To start Financial Wizard type FINWIZ at the drive and directory
containing the program. Other options for loading the program may exist
depending on how your computer is configured, whether you use menu
software, etc. Financial Wizard is optimized for a color monitor and
will automatically configure itself for color. The program will work on
a 100% IBM compatible monochrome card.

If you are using a monochrome video card or Hercules monographics video
card you should load Financial Wizard with the "M" command line
parameter to configure the program for a monochrome display. Many non-
color laptops may also prefer to load Financial Wizard in Monochrome
mode.

FINWIZ M


*** Amortization Schedule Plus ***

The Amortization Schedule Plus is a very flexible financial planning
tool which can be used for both loans and investment analysis. If you
are just starting to work with Financial Wizard you may wish to try
some of the other options before mastering this section. You need only
enter information for any three of the four '*' options listed. The
Amortization program will automatically calculate for the unknown
value. If you choose to enter information for all four items, Financial
Wizard will calculate for time. (i.e. Number of Periods).

=== Example #1 -Home Loan

(Enter - 100000 for Principal, 10 for Interest Rate, 360 for Number of
Periods. M for payments are monthly) Note : The $100,000 home loan is
entered without using "$" or ",". Payment was left blank which
Financial Wizard automatically calculated to be $877.57, representing
the monthly principal and interest payment for the loan. A complete
amortization schedule is produced . Each months payment is broken down
by period, current principal, current interest, cumulative interest,
and unpaid principal. Using the HOME, END, Page Up, Page Down, Up Arrow
and Down Arrow Keys as well as the mouse on the selection scroll bar on
the right, we can quickly move around to any section in the
amortization table. The "ESC" key is a universal exit key for all
sections and all pop-up options in Financial Wizard. It will always
move you back to the previous selection. At the bottom of the
amortization table are function key selections F1-F6. If you would
like the amortization table to display periods in "month-year" format
rather that numerical periods (or "Year" format if only making 1
payment per year), then hit function key "F2" to pop-up the calendar.
Select day "15" of any Month/Year on the calendar to change format. The
calendar Month/Year combination you select will automatically start at
the first period from your selection. Additional information on
calendar options are covered in the calendar section of this manual.

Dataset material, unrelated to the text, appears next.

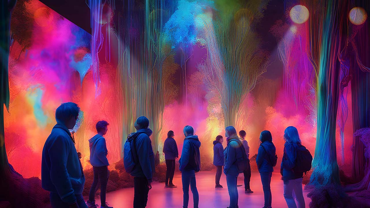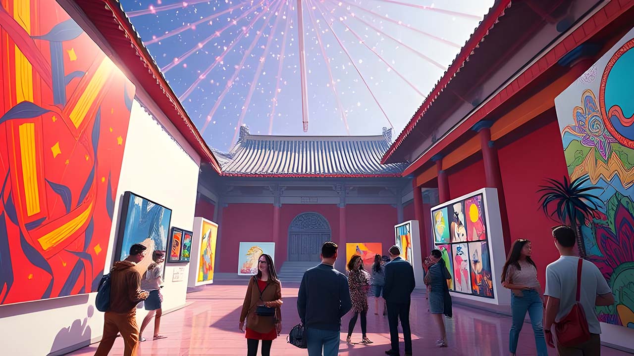 Then, she realized the greatest bridge wasn’t a road or a network but a shift in mindset. She orchestrated a grand art exhibition, where a master of movement and light, imbued with a radiant energy, demonstrated the power of connection, of shared breath, of unified purpose. This exhibiiton transcended language and tradition, resonating with every heart. (Image 3).

Select day "1" of any Year/Month to return to numeric period count.
Your hardcopy reports will automatically print showing whichever period
format you have selected. Printing the schedule is available by
selecting the "F5" key to print. The default printer is assumed to be
"LPT1:". If you wish to have the amortization schedule printed on
either "LPT2:", "LPT3:" or "LPT4:", then you must load Financial Wizard
with a 2,3, or 4 parameter command to specify which printer you want
Financial Wizard to use. Example:

FINWIZ 2 <---- Sends output to Line Printer 2
FINWIZ 3 <---- Sends output to Line Printer 3

If your printer is unable to print for whatever reason, Financial
Wizard ignores your print request and you must try again after you have
corrected the problem with the printer. Up to five lines for a title
can be automatically placed on both the printed and filed amortization
schedule reports. To enter titles on your reports hit "F4" to select
the title window editor. The Editor used the same commands as the pop-
up notepad. If a file called "FWTITLE.FW" exists in the directory from
which Financial Wizard was loaded, then that file is automatically
loaded into the Title Editor. This allows you to produce reports that
have standard titles for company information, etc. You will still have
the option to customize any section of the Title screen while in the
Editor. Information in the title lines editor is retained for as long
as you continue the Financial Wizard session.

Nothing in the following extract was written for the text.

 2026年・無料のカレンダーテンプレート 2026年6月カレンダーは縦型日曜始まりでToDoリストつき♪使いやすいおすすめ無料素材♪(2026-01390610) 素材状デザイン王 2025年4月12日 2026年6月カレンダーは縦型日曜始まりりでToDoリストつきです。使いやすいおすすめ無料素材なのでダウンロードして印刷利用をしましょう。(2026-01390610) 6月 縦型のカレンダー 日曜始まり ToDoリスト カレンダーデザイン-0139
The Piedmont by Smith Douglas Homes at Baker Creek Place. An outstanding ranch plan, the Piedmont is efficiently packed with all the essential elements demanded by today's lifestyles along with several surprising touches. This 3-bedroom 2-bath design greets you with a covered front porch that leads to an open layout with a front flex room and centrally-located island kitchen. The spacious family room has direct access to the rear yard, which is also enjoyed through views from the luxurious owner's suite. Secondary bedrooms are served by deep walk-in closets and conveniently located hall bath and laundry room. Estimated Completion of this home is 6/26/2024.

"F6" File, allows you to save copies of your amortization reports to a
file. The reports are save in the directory in which Financial Wizard
was loaded from. The default file name for saving is "FWAMORTZ.FW". You
may overwrite this name with other file names when saving your reports.
The files can then be loaded into other programs such as word
processors, etc.

=== Example 2 - Home Loan with Accelerated Payments

(Enter - 100000 for Principal, 10 for Interest Rate, 360 for Number of
Periods, M for payments made monthly, 1000 for Payment) From Example
#1, we know that our monthly payments for principal and interest would
be $877.57. We will run the same analysis but this time we will
accelerate the pay off date by paying $1000/month. The program will
ignore the value of 360 in number of periods, and will automatically
calculate the new time period. ( We could have left Number of Periods
blank). The amortization schedule will show that the loan will be paid
off in 216 months rather than 360 months. The total interest collected
on the 216 month loan will be $115,906.50 vs $215,929.80 for the 360
month loan. This example does show that a small difference in
accelerated payments, can make a very large difference in interest
costs. Of course, you would need to factor in tax mortgage deduction
benefits, plus the investment future value of the extra principal
payments to determine if accelerated payments are your best option. (As
you work with Financial Wizard, you will quickly see that it will
assist you in making those types of decisions.)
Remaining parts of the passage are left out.